Año de Hashim Thaci

En el momento en que todo el mundo pensaba que Hashim Thaci estaba completando su carrera política con una posición ceremonial, como la del presidente de Kosovo, sin mayor responsabilidad ejecutiva, tomó medidas que una vez más lo restablecieron a la posición del líder político de Kosovo. Todo el año 2018 en [...]
En el momento en que todo el mundo pensaba que Hashim Thaci estaba completando su carrera política con una posición ceremonial, como la del presidente de Kosovo, sin mayor responsabilidad ejecutiva, tomó medidas que una vez más lo restablecieron a la posición del líder político de Kosovo.
Todo el año 2018 en Kosovo fue hablando del acuerdo final con Serbia, que ahora según las advertencias se pueden alcanzar en la primera parte de este año. Cuando el año pasado informó y habló sobre cómo parte de este acuerdo estaba negociando los intercambios de territorios, pocos lo creían, hasta que el mismo Thaci apareció en público y apoyó esta idea, que decía que era suya.
El Presidente Thaci habló de cómo a través de este acuerdo, con el proceso de <x0 confianzacorrección de las fronteras correspondientes a Kosovo se uniría a tres municipios albaneses en Serbia, Presevo, Medveja y Bujanovac. Pero nunca dijo lo que se podría dar a Serbia a cambio, lo que muchos creen que son los municipios del norte de Kosovo.
Thaci casi por su cuenta comenzó a comercializar su idea, a menudo frecuentando conferencias sobre el tema, ya que dijo que planea mejorar los errores históricos al adjuntar Kosovo a los trenes del valle que están habitados por albaneses.
Pero el presidente se enfrentaba a una mayor oposición de lo que podía imaginar. Su idea también comenzó a oponerse a antiguos socios en el PDK. Kadri Wessel a menudo se opuso a la idea de los intercambios territoriales, llamándola una idea de Serbia y Rusia, mientras que el Primer Ministro Ramush Haradinaj lanzó una oposición abierta a Thaci, diciendo que las fronteras de <x0 títulos sólo juegan el Chimma correspondiox1, refiriéndose a la guerra.

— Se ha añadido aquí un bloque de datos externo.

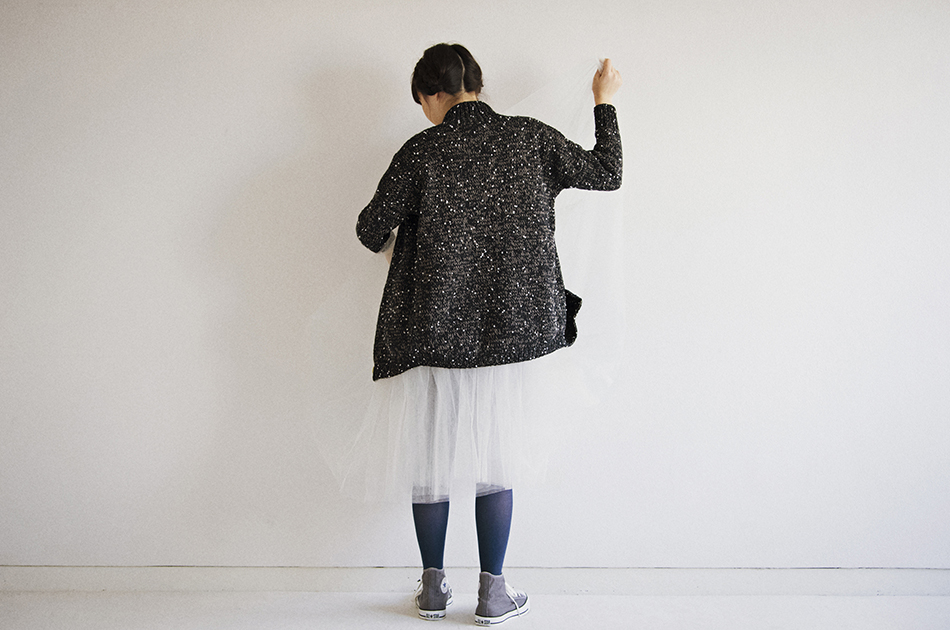 広めのドロップショルダーから続く袖はすっきりと。
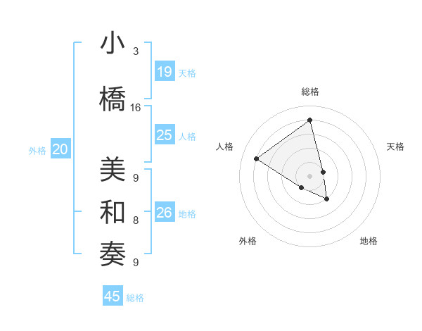 小橋 美和奏さんを姓名の画数から五運を鑑定
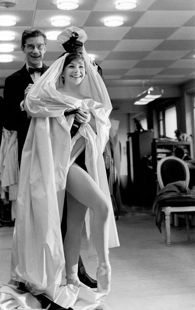 1959. Ив Сен-Лоран и Зизи Жанмер примеряют костюм «Кармен»
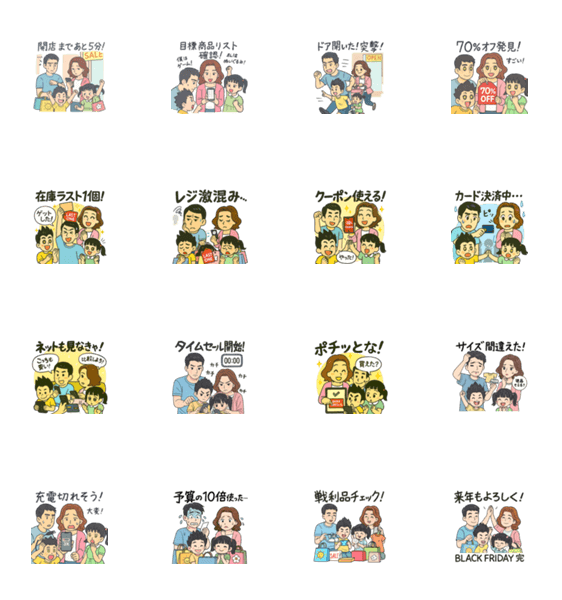 ブラックフライデーを楽しむ家族のスタンプ! セール開始、クーポン使用、ポチッとな!など、お買い物シーンが満載。 友達とのトークを盛り上げよう!
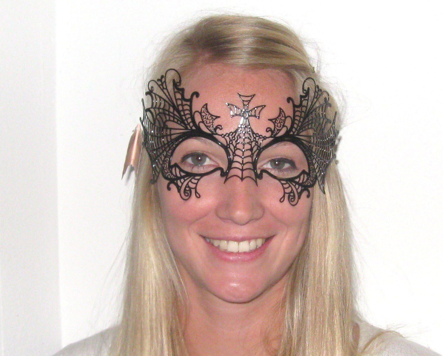 BEAUTIFUL FEATURES OF VENETIAN MASQUERADE MASK: - Black laser cut metal HALLOWEEN BAT mask. - This light weight delicate mask can be worn as it has black satin ribbons. - This mask art was selected personally from the artist and has tags from the artists studio guaranteeing the AUTHENTICITY. - The Venetian Mask is 4 1/2 inches high by 7 1/2 inches wide . - This would make a wonderful piece of art for the serious mask or costume collector. - Place in a shadow box after your HALLOWEEN costume ball for your art collection.
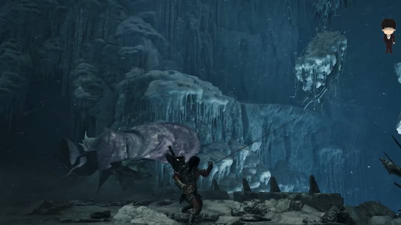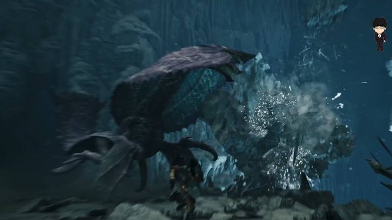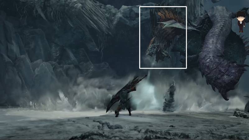新場景互動道具,可提前抓鉤固定,等待時機撞擊目標。另外還有一隻新怪物出現,目前暫不知情況,從怪物造型和解包圖上判斷,大概是未公開的“冰系海龍種”
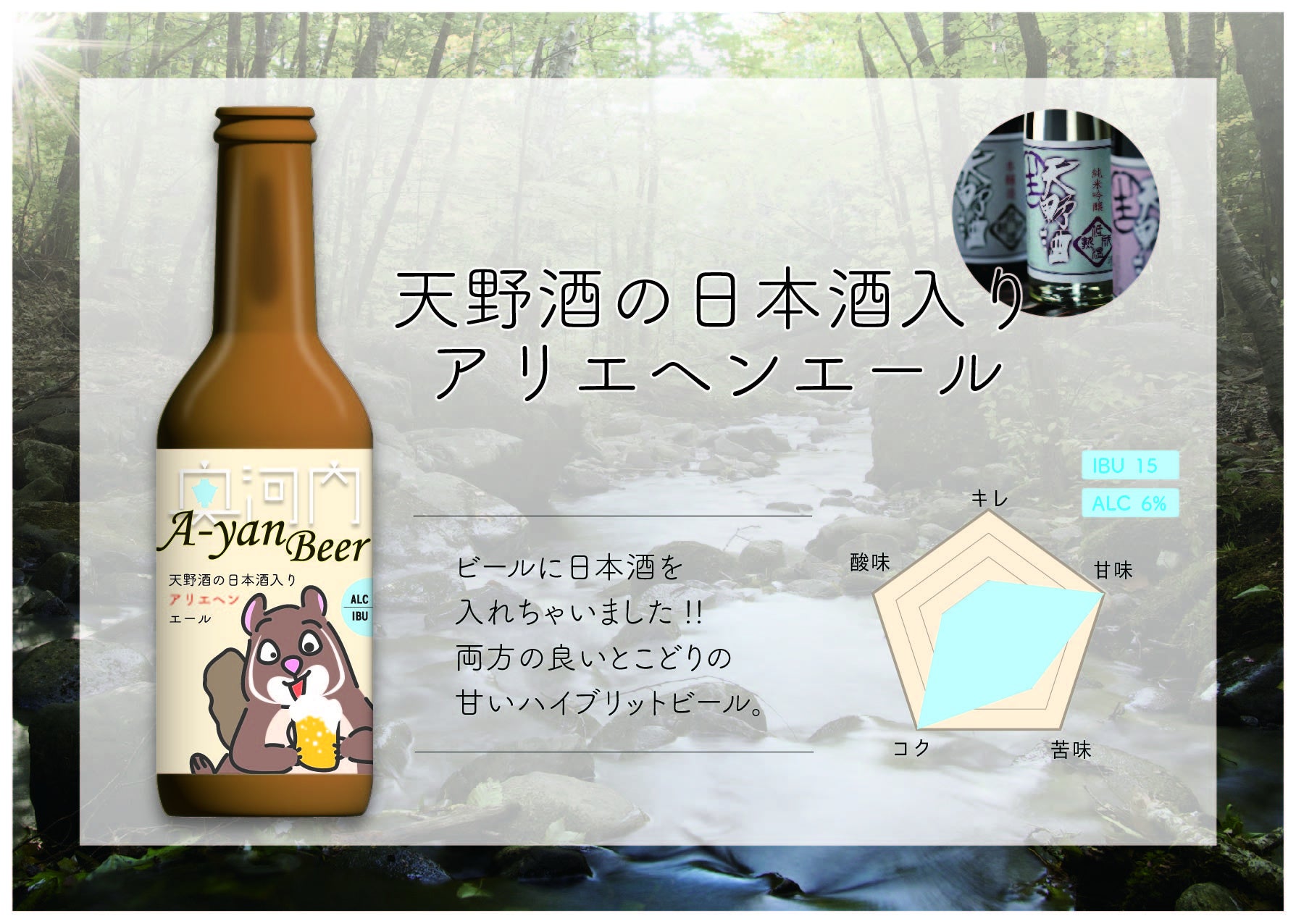 ・天野酒の日本酒入りのアリエヘンエール 10月1日発売予定 売価960円(税込) ABV6% IBU15
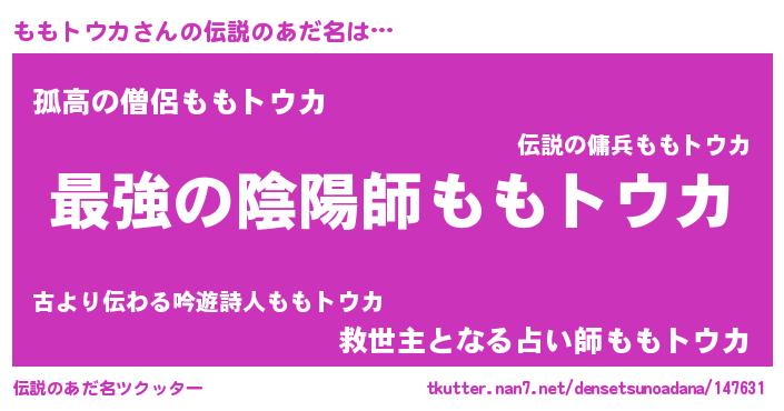 | 男性向けラノベタイトル風あだ名 | 『ももトウカに滅ぼされるだけの簡単なお仕事です』 |
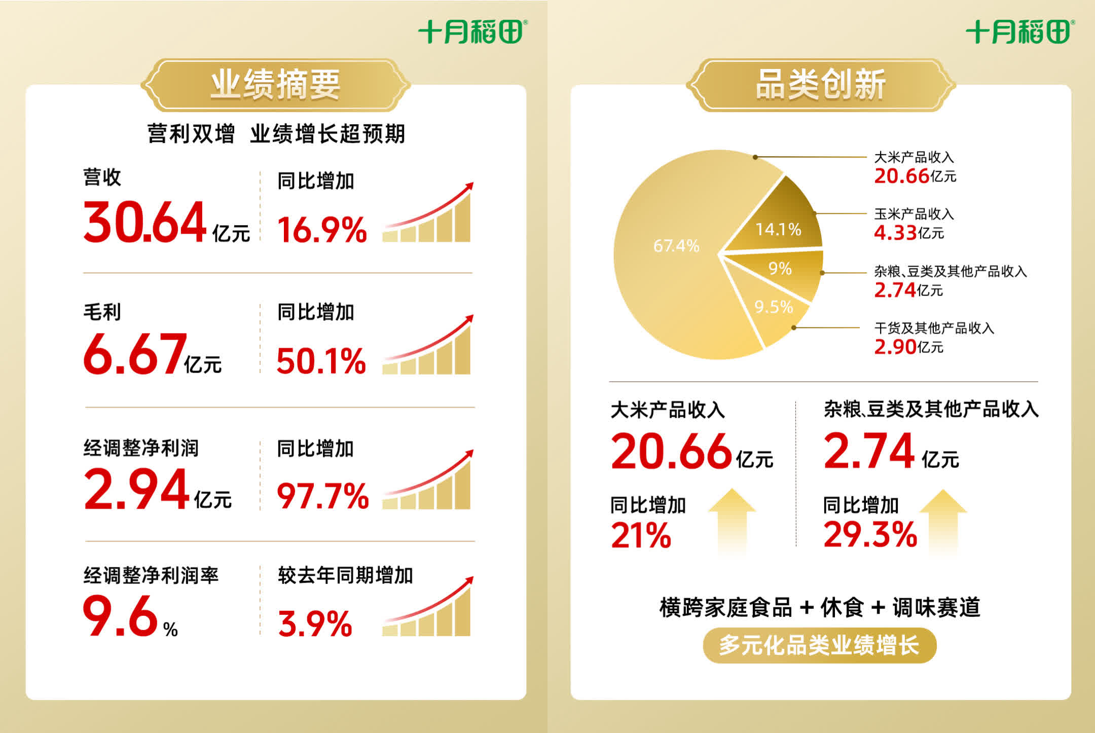 十月稻田(股票代碼:9676.HK)卻呈現快速增長態勢。2025年中期業績報告顯示,上半年,十月稻田實現營業收入與凈利潤雙增長:總收入30.64億元(人民幣,下同),同比增長16.9%;經調整凈利潤為2.94億元,同比大幅增長97.7%;經調整凈利潤率由去年同期的5.7%增至9.6%。在此背景下,家庭食品創新品牌十月稻田憑藉「連續六年東北大米中國銷量領先、連續兩年玉米品類中國銷量領先」的行業地位,以2025新米季為契機,再次實現營收與品牌價值雙增,其背後是「流量轉化——渠道深耕——供應鏈築牆」的商業邏輯,這也為家庭食品賽道提供了可借鑒的增長範式。
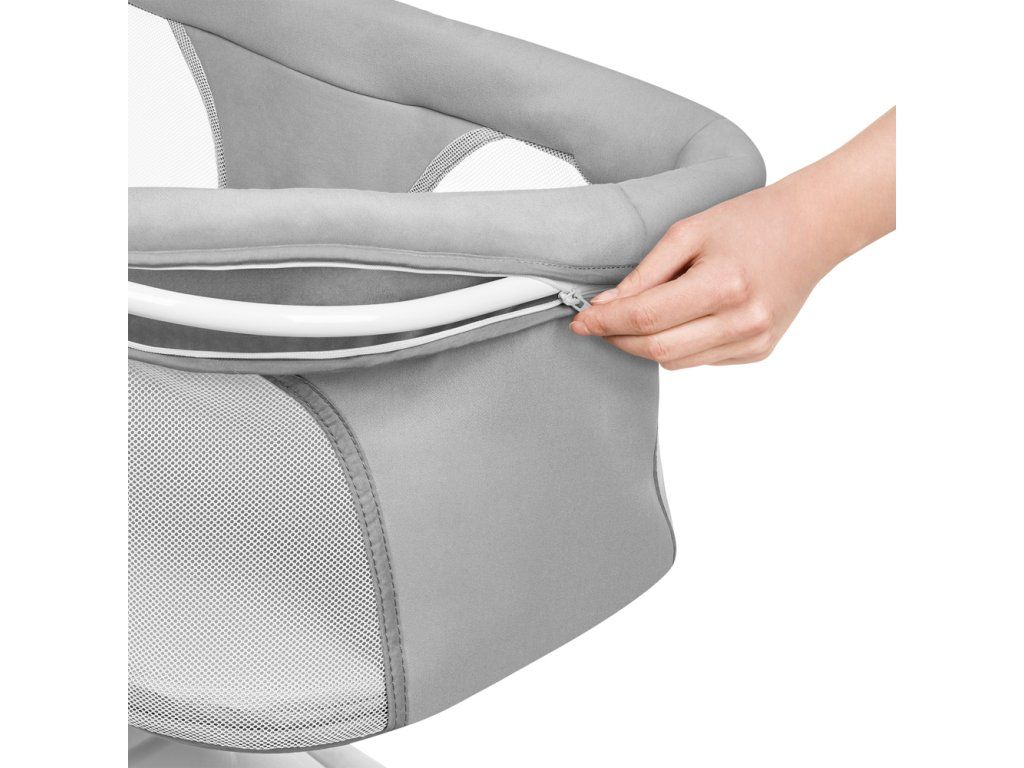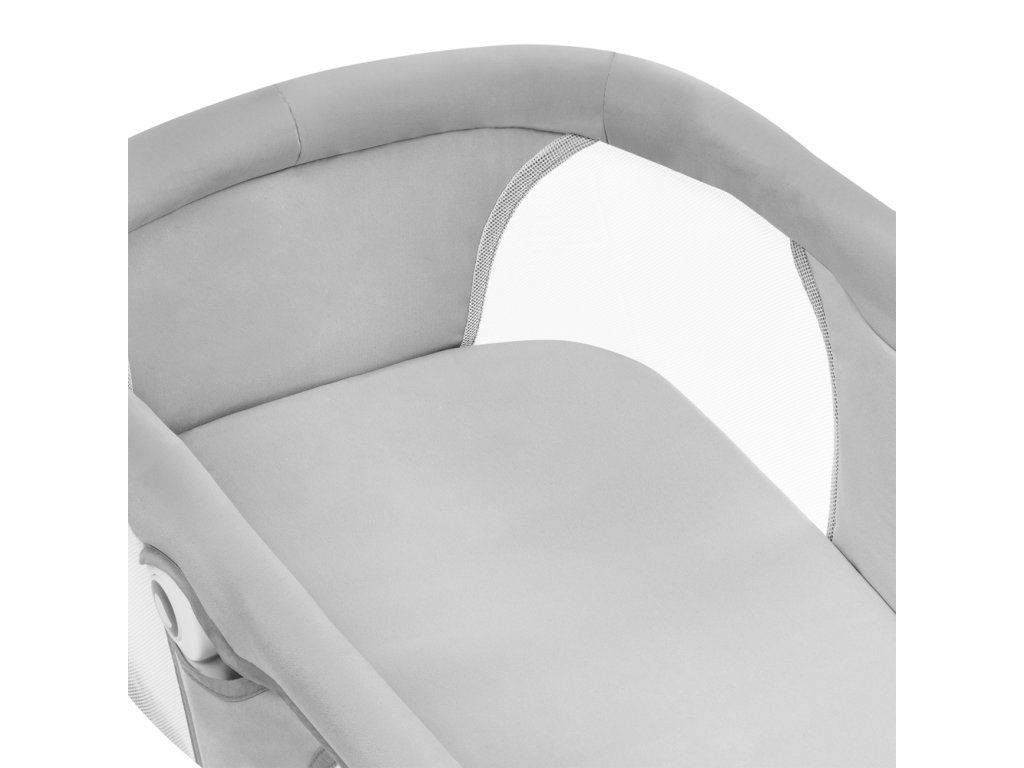 Sedadlo v tradičnej verzii kolísky je široké a vhodne tvarované, aby zabezpečilo pohodlnú a bezpečnú polohu dieťaťa. Má 5-bodové bezpečnostné pásy. Sedadlo má nastaviteľný sklon v 3 stupňoch - od polohy v ľahu, ktorá je ideálna na odpočinok, cez pololeh až po sed - pre deti, ktoré sú zvedavé objavovať svet a chcú sa viac zapájať do rodinných interakcií. Nájdete tu aj mäkký, mimoriadne pohodlný vankúš, ktorý sa prispôsobí telu vášho dieťatka a poskytne mu tú správnu oporu. Jeho vonkajšia strana je vyrobená z prírodnej bambusovej tkaniny, ktorá má množstvo výhod. Tento vzdušný, na dotyk príjemný materiál môže prísť do priameho kontaktu s pokožkou, a to aj na najcitlivejších miestach tela. Tkanina je priedušná, poskytuje účinné vetranie a zabraňuje nadmernému poteniu. Vďaka svojim hygroskopickým vlastnostiam bambus absorbuje vlhkosť, čím zabraňuje rastu húb a plesní. Neobsahuje žiadne umelé prísady. Je nielen ekologický, ale aj bezpečný pre alergikov.
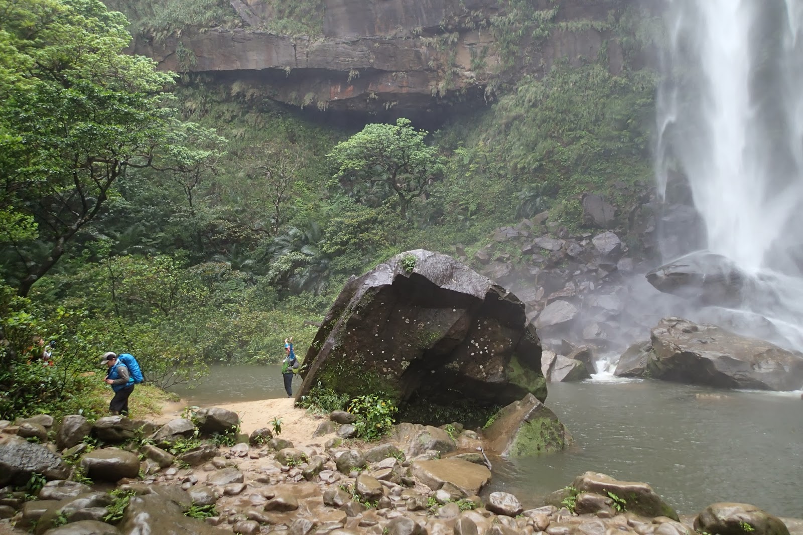 でも、この水量じゃ滝上に出るのにこの川を渡るのは時間もかかり、危険と判断。
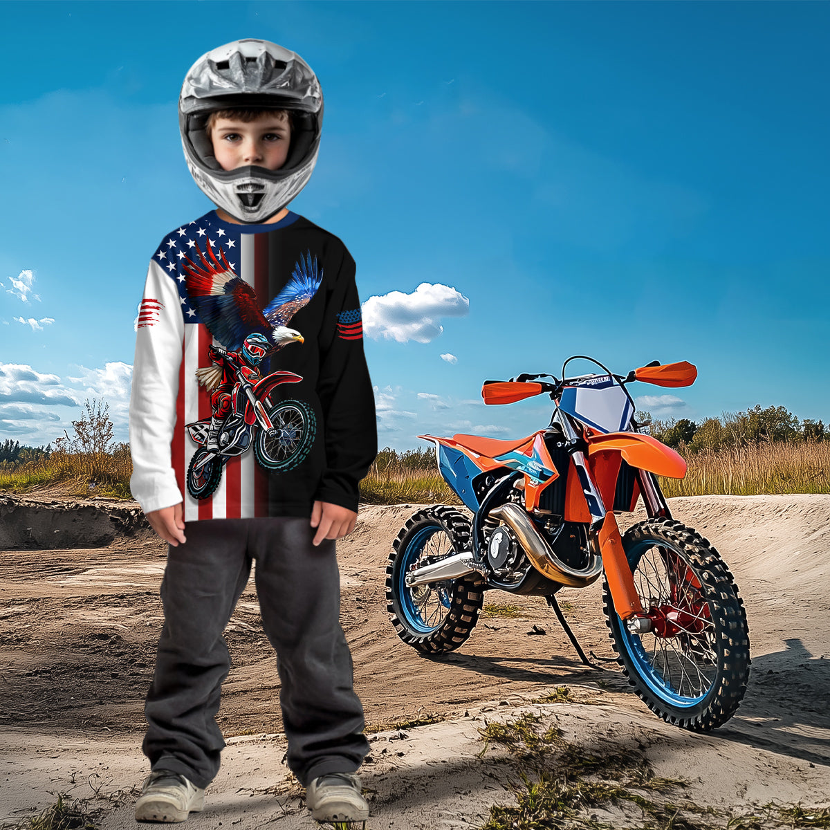 Eagle American Flag Motocross Jersey Dirt Bike Racing Shirts for Men Kid Women XM348

Esto no decepcionó a Thaci. Es conocido como un político que logra sus metas a través de varias maniobras políticas, a menudo dejando a otros políticos para dormir. En una conferencia del año pasado, Thaci amenazó abiertamente al Primer Ministro Ramush Haradinaj con el despido, lo que le impidió alcanzar este objetivo con todos los medios posibles. Incluso muchas personas creen que incluso el impuesto sobre Serbia ha sido hecho sólo para alterar las relaciones de Thaci con el presidente serbio Aleksandar Vucic.
El 29 de septiembre de 2018, el Movimiento Vetevendosje, con el apoyo de varios funcionarios del LDK y otros de la sociedad civil, realizó una protesta con el lema "Seguido" Un pueblo de São se somete a un títulox1 título. La protesta fue organizada contra las intenciones de Thaci de acuerdo con Serbia, sin embargo, a pesar de su masa, Thaci de nuevo no paró y ignoró por completo el movimiento de protesta. Incluso visitó el Lago Uyman ese día, que es territorio controvertido en caso de que Kosovo y Serbia estén de acuerdo en el intercambio territorial.
Vetevendosje desde que esa protesta ha hecho menos y menos oposición a Thaci. Además de un discurso cada vez más diminuto en el país y los medios de comunicación, los funcionarios de VV no han considerado razonable tomar acciones más radicales contra Thaci, como lo fue la última protesta. Después de todo, incluso esa protesta fue vista como una organización sólo para probar su poder, tras la ruptura que el partido de Albin Kurti había experimentado cuando 13 diputados habían dejado Vetevendosje para seguir un nuevo curso político.
Hoy Thaci parece haberse acercado a darse cuenta de su idea más que nunca. La Asamblea de Kosovo ya ha votado un equipo de negociación, que dirige Shpend Ahmeti y Fatmir Limaj, ambos Thaci. También ha recibido una carta del presidente estadounidense Donald Trump, que apoya la realización del acuerdo final con Serbia, que se cree que traerá el reconocimiento de Kosovo de Serbia, la sede de la ONU y la abolición de la Resolución 1244.
Sus críticos están cansados, pero no el presidente.